#### [AVAILABLE DATA]
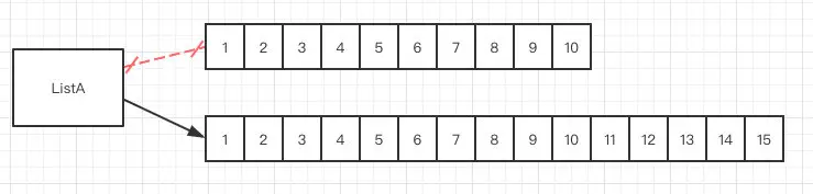 然后把原数组的数据,原封不动的复制到新数组中,这个时候再把指向原数的地址换到新数组,ArrayList就这样完成了一次改头换面。
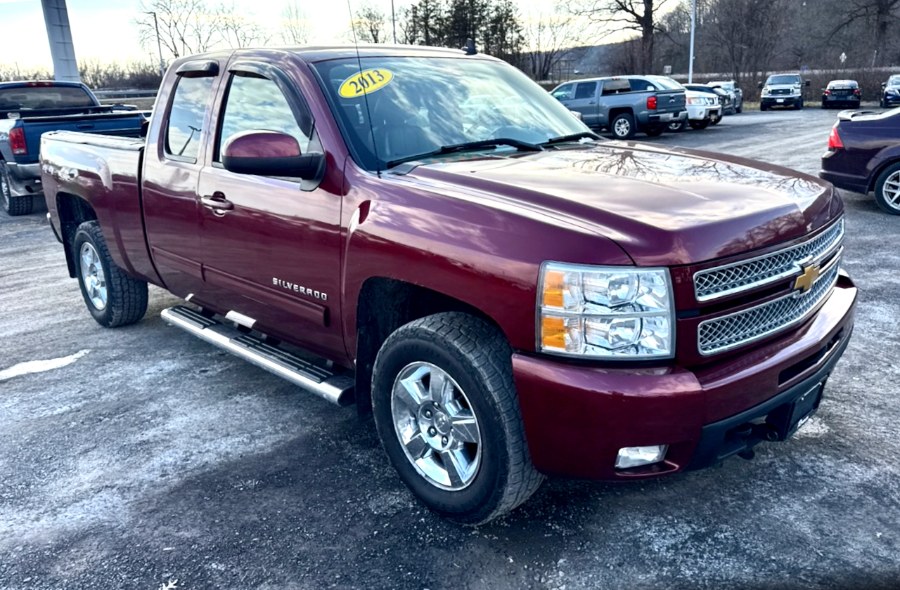 This 2013 Chevrolet Silverado 1500 LTZ 4WD Ext Cab is available for sale in Manchester, New Hampshire. It features a Vortec 5.3L V8 engine, a 6.6 FT bed with heavy-duty trailering equipment, and a premium Ebony Black Leather-appointed interior with heated front bucket seats and driver memory settings. The vehicle is equipped with advanced utility features, a touchscreen audio system with navigation, and a Bose Premium Speaker System. Financing and warranties are available.
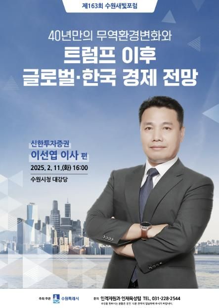 [경기경제신문] 투자전략전문가인 신한투자증권 이선엽 이사가 2월 11일 오후 4시 시청 대강당에서 열리는 제163회 수원새빛포럼 강사로 나선다.
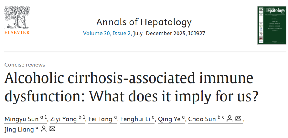 原文链接:Sun M, Yang Z, Tang F, et al. Alcoholic cirrhosis-associated immune dysfunction: What does it imply for us?. Ann Hepatol. Published online May 14, 2025. doi:10.1016/j.aohep.2025.101927
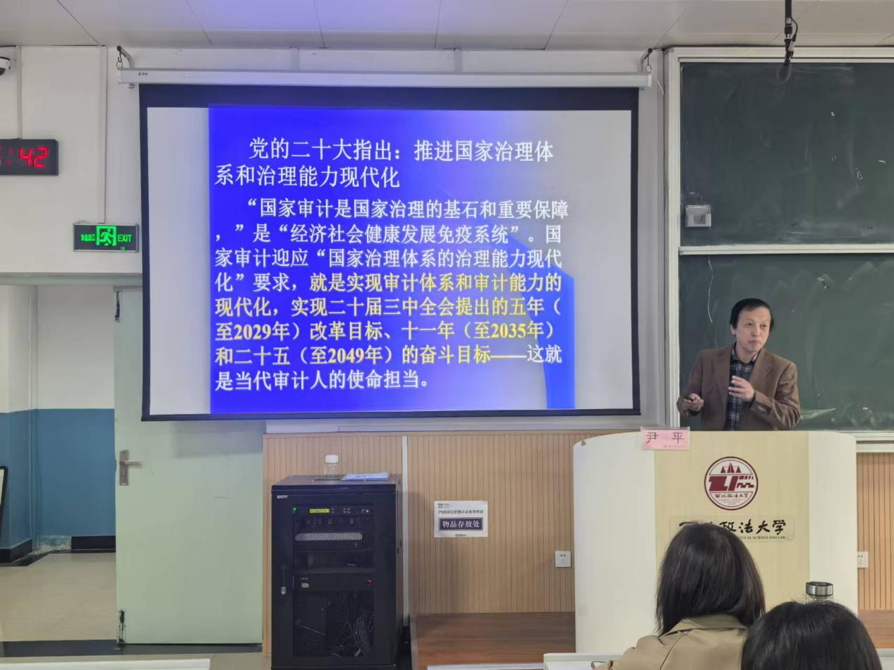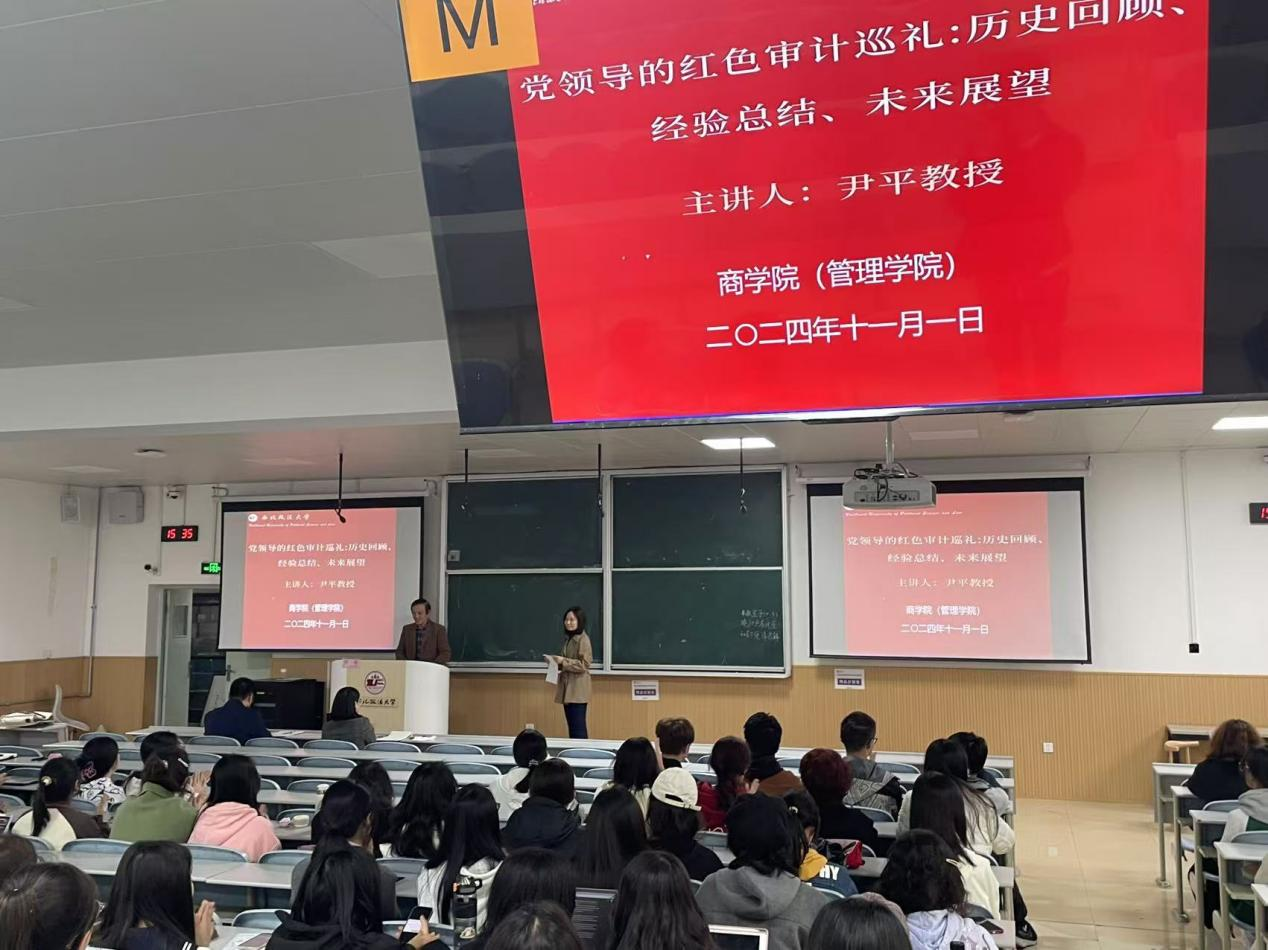 副校长尹平教授在长安校区AJ12为51吃瓜网本科生做题为《党领导的红色审计巡礼:历史回顾、经验总结、未来展望》的学术讲座。本次讲座由财务审计系主任李普玲副教授主持,51吃瓜网

#### [PROBLEM TO WORK ON]
Reproduce everything above exactly, images excluded.

#### [SOLUTION]
 然后把原数组的数据,原封不动的复制到新数组中,这个时候再把指向原数的地址换到新数组,ArrayList就这样完成了一次改头换面。
 This 2013 Chevrolet Silverado 1500 LTZ 4WD Ext Cab is available for sale in Manchester, New Hampshire. It features a Vortec 5.3L V8 engine, a 6.6 FT bed with heavy-duty trailering equipment, and a premium Ebony Black Leather-appointed interior with heated front bucket seats and driver memory settings. The vehicle is equipped with advanced utility features, a touchscreen audio system with navigation, and a Bose Premium Speaker System. Financing and warranties are available.
 [경기경제신문] 투자전략전문가인 신한투자증권 이선엽 이사가 2월 11일 오후 4시 시청 대강당에서 열리는 제163회 수원새빛포럼 강사로 나선다.
 原文链接:Sun M, Yang Z, Tang F, et al. Alcoholic cirrhosis-associated immune dysfunction: What does it imply for us?. Ann Hepatol. Published online May 14, 2025. doi:10.1016/j.aohep.2025.101927
 副校长尹平教授在长安校区AJ12为51吃瓜网本科生做题为《党领导的红色审计巡礼:历史回顾、经验总结、未来展望》的学术讲座。本次讲座由财务审计系主任李普玲副教授主持,51吃瓜网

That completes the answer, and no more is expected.